Все это было не в духе Рима. Согласно его же учению, по слишком уж понятным причинам, церковь — объективно действующий, дарующий милость и исцеляющий институт, стало быть всегда священный, подобно тому как ее члены всегда (субъективно) порочны изысканный плод так называемого таинства посвящения в сан с его «character indelebilis»,[144] навсегда закрепленной в личности священника способностью, чего совершенно не знала старая Catholica, что противоречит ее учению.
По отношению к донатистам, конечно, был необходим новый взгляд «Если слуга добр в евангельском слове, — возражает Августин, — то он становится сотоварищем Евангелия, но если он зол, то в силу этого он не перестает быть экономом Евангелия» Донатисты обращались с жалобами к императору, однако потерпели поражение — «в присутствии Святого Духа и его ангелов» — в Риме в 313 г, в Арле, который Константин возвысил до столицы Галлии, в 314 г, здесь же синод отверг и христианский антимилитаризм (стр.221). И едва только Константин в первый раз весьма успешно сходил войной на Лициния, как он, по желанию епископа Цецилиана, подверг донатистов многолетним нападкам, не согласный терпеть «даже малейшего следа раскола или разногласий в каком-либо месте», более того, угрожая в начале 316 г. в послании к Цельсу, викарию Африки «я устраню заблуждения и воспрепятствую глупостям и это приведет к тому, что все люди будут исповедовать истинную религию, согласную непорочность и достойное почитание всемогущего Бога». Он отнял у донатистов церкви, имущество, сослал в ссылку их руководителей и ввел солдат под duces[145] Леонтия и Урсация, которые убивали мужчин и женщин. И если чуть раньше учиняли резню язычников, то теперь дошло до первого, проводимого во имя церкви преследования христиан, к истреблению христиан христианами и к кровавой крестьянской войне тоже, — ведь с донатистами соединились сильно эксплуатировавшиеся сельские рабы северной Африки Были разрушены различные базилики, а все, кто выступил против войск, убиты, среди них — два донатистских епископа Отныне донатисты вели свой мартирологический календарь, и мученические смерти тем более подстегивали раскол. Но так как предстояла новая война с Лицинием, император отпустил в 321 г сосланных священников, вернул их церкви, признал свой провал и призвал католиков оставить месть на усмотрение Бога.

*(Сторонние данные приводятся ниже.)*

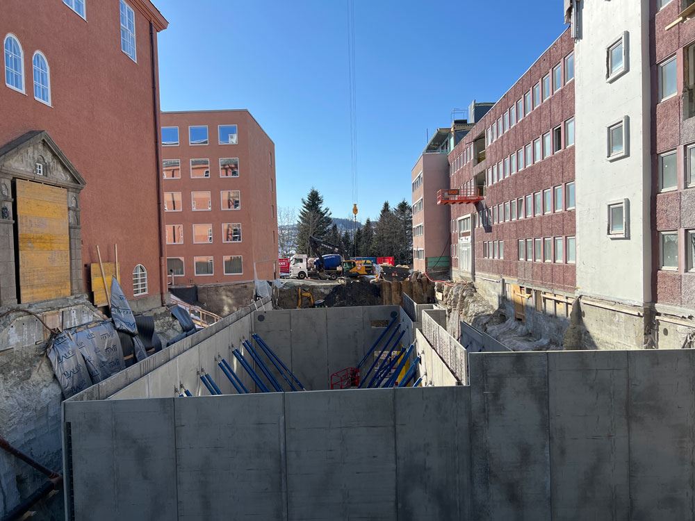 Arbeidet med kjelleren vil prege byggeplassen frem mot sommeren. Resterende tomt skal graves ut, og deretter blir vegger, og etter hvert etasjeskiller i kjeller montert. Det skjer stadige endringer på byggeplassen, så det kan være fint å ta seg en tur forbi om man har mulighet.
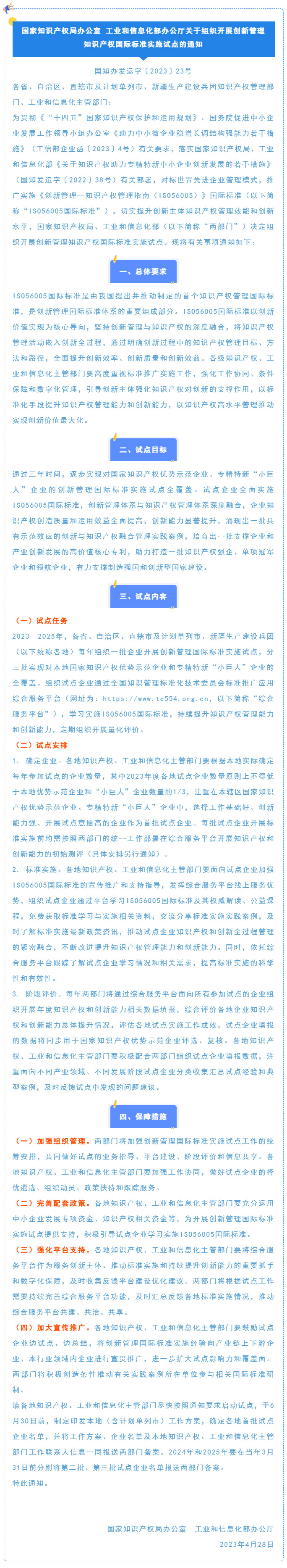 【政策资讯】关于组织开展创新管理知识产权国际标准实施试点的通知
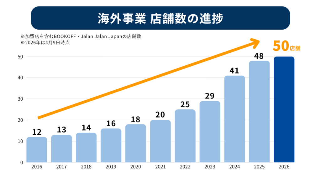 ブックオフグループホールディングス株式会社(本社:神奈川県相模原市、代表取締役社長:堀内 康隆、以下、ブックオフ)の海外グループ企業であるBOOKOFF U.S.A. INC.(代表取締役社長:平田 和也)は、アメリカ合衆国カリフォルニア州ロサンゼルス市に、現地にて買取・販売を行うリユース業態「BOOKOFF」の21店舗目となるWoodland Hills(ウッドランドヒルズ)店を現地時間の2026年4月9日(木)午前10時にオープンいたします。この出店により海外店舗数は50店舗を突破いたします。マレーシアなどにおいて日本から輸出した商品を販売するリユース業態Jalan Jalan Japan(ジャラン・ジャラン・ジャパン)事業立ち上げからの10年間で海外店舗数は4倍以上へと成長いたしました。コロナ禍の動画配信サービスの台頭などにより世界中でアニメ人気が加速したことが出店拡大の後押しとなっております。中期経営方針に基づき、海外事業では2033年にBOOKOFF事業で100店舗、Jalan Jalan Japan事業で100店舗の合計200店舗体制を目標に据え、今後も積極的に出店を進めてまいります。

Константин и — еще больше — его наследники, конечно же, слишком часто выполняли репрессивные требования большой церкви, так как единое государство им было более необходимо, чем расколотое. Однако они, как раз поэтому, и посредничали, едва ли к радости церковных вождей, между соперничающими группами, даже между задиристыми христианами непосредственно Многие государи прилагали усилия к тому, чтобы держать фанатиков в узде, сглаживать различия верований, добиваться компромисса среди влиятельнейших и потому для них важнейших сект. Но, пишет Иоганн Галлер «Куда ни глянь, — разлад, спор и смута».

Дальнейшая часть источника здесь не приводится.